Directing Polymer-Metal Binding Interactions by Modifying Polymer and Solvation Structure

Abstract

The rare-earth elements (REEs: La-Lu, Y, Sc) are a subset of critical minerals used in a variety of essential technologies, particularly in green energy. However, their chemical similarities and co-occurrence in ores make them difficult to access as they first must be separated from their ores, then from one another.
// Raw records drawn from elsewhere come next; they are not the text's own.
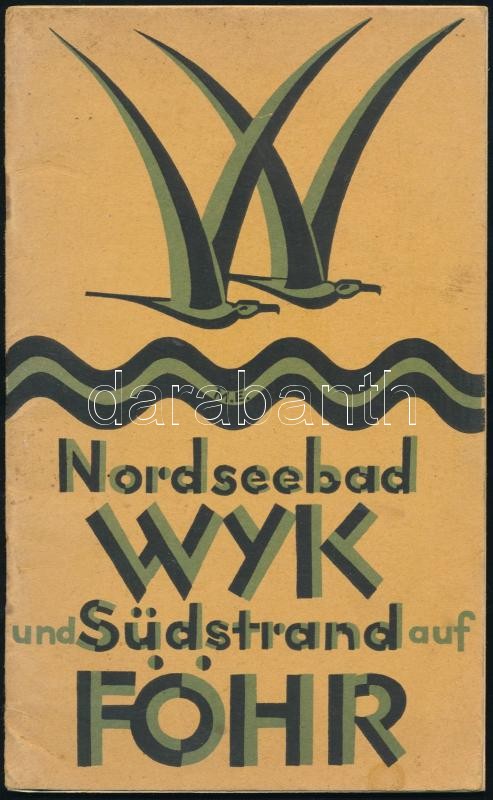 1926 Insel Föhr, Nordseebad Wyk und Südstrand. Führer für das Jahr 1926. Német nyelvű turisztikai ismertető. Fekete-fehér képekkel illusztrált. 40 p. Kiadói tűzött papírkötés, kissé sérült, foltos borítóval.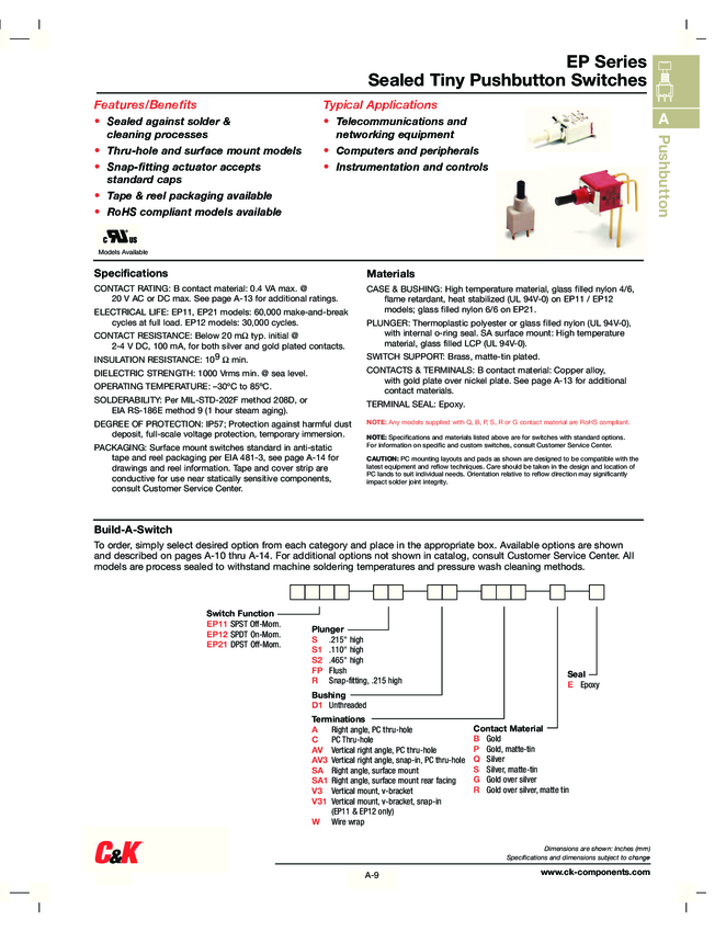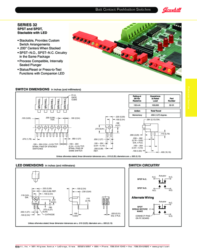 Switch Push Button N.O./N.C. SPST Round Plunger 0.15A 28VDC Momentary Contact PC Pins Thru-Hole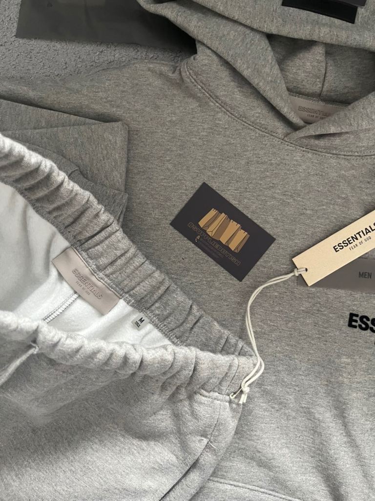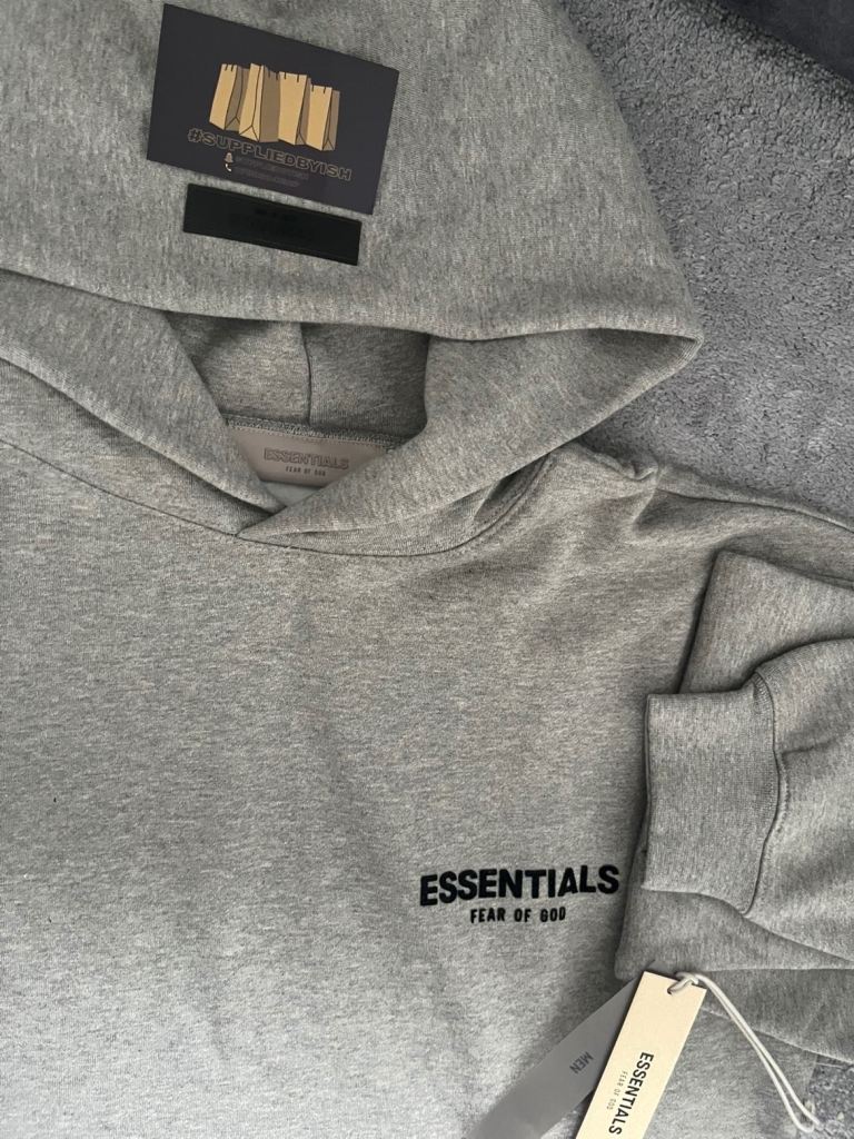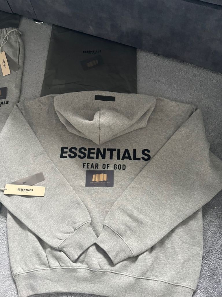 Premium heavyweight cotton blend with signature ESSENTIALS chest logo and Fear of God branding.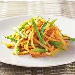 - 3 豆腐を3〜4cm角に切って片栗粉適宜をまぶす。中温(約170℃)の揚げ油で、揚げ色がついて、表面がカリッとするまで揚げる。ししとうを素揚げにし、高温(約180℃)にしてなすも素揚げにする。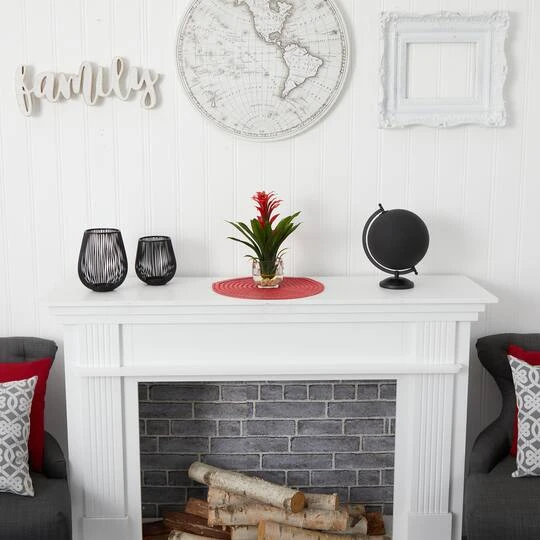 Add some fun décor to your desk with this tropical bromeliad plant. Lush green leaves grow vertically around the floral focal point. Comes in square glass vases with neutral pebbles and faux water.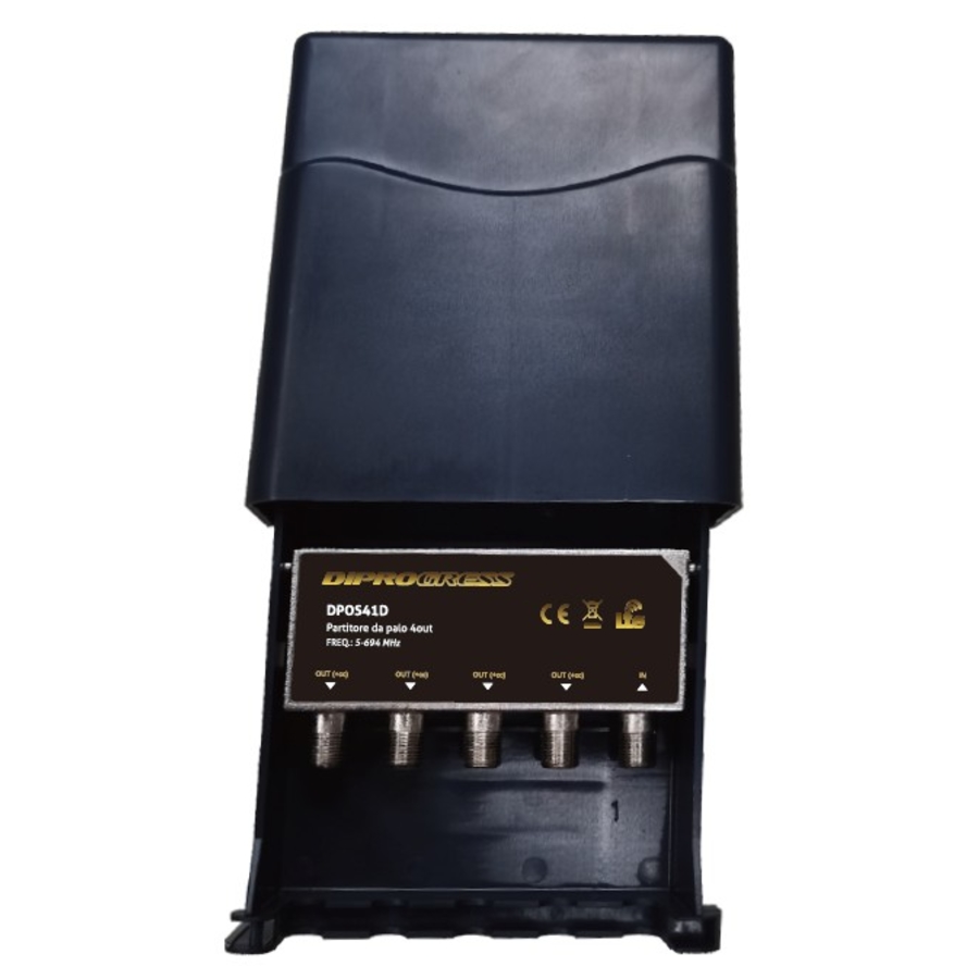 Partitore in pressofusione TV con connettori F Partitore da Palo da esterno, con scatola impermeabile inclusa Divisore 4 vie attenuazione <7dB Banda passante 5-694 MHz con filtro per i segnali 5G/LTE Passaggio di corrente DC per preamplificatori o antenne amplificate su TUTTE le uscite Realizzato in pressofusione completamente schermata Serie DiProgress Digitale Terrestre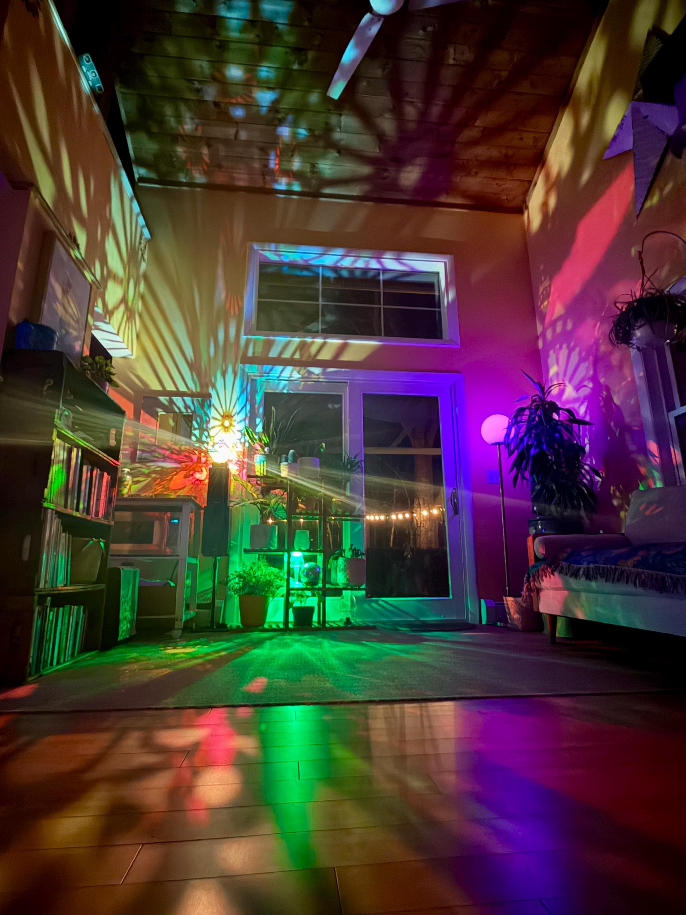 Shadows are most crisp closest to the lamp, and the effect extends throughout the room.
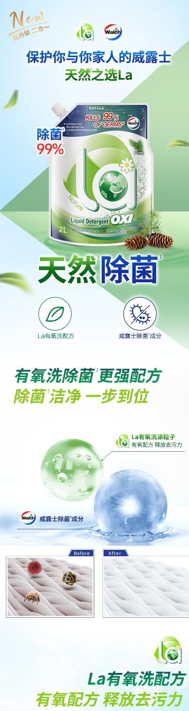 威露士La有氧袋装抑菌除螨松木清香2L机洗手洗补充装家用(4斤)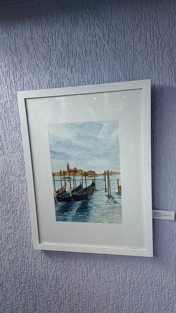 Gondolas floating gently in Venice, captured in soft watercolour hues. With delicate brushstrokes and atmospheric light, Alok Srivastava evokes the timeless romance and quiet charm of the floating city‘s stillness and renewal.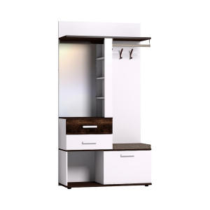 Шкаф многоцелевого назначения Норвуд состоит из двух выдвижных ящиков, открытой ниши и закрытой ниши с полочкой, трёх малых открытых полок справа от зеркала, широкой антресоли для головных уборов, трёх железных двойных крючков для одежды и штанги для вешалок.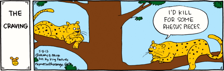 A rhesus/Reese’s pun that depends on your knowing about the candy called Reese’s Pieces. (And of course on your knowing about rhesus monkeys.)

Current industrial methods to accomplish these separations rely on liquid-liquid extraction and other hydrometallurgical techniques that are energy intensive, require large pH swings, and use large quantities of organic solvents. Metal-chelating polymers are a promising class of materials to improve or supplant these existing technologies due to their low cost and high tuneability. Much research has focused on designing specific ligands to bind REEs selectively and occasionally attaching these ligands to polymer backbones; however, nature's approach uses simple carboxylate ligands in proteins and can achieve high selectivity through controlling specific changes in solvation and conformation. This work takes inspiration from nature to study how modifying the polymer and/or solvation structure can direct polymer-metal interactions. The toolbox of synthetic polymer chemistry provides many strategies that we used to alter the polymer structure. To gain molecular-level insight into how these structural changes affected metal-chelation we turned to isothermal titration calorimetry (ITC) to measure the solution thermodynamics of these interactions directly. We studied the effect of the broader solution environment by changing the solution composition and solvent to find that both impacted the thermodynamics of these entropically-driven interactions. We also developed and used new modular polymer synthetic methods to establish structure-property relationships between polymer structure and REE-binding efficacy and applied ITC to study calcium binding in biologically relevant systems. In total, this work developed new materials design principles that will guide polymer-metal interactions by modifications beyond the chelation site.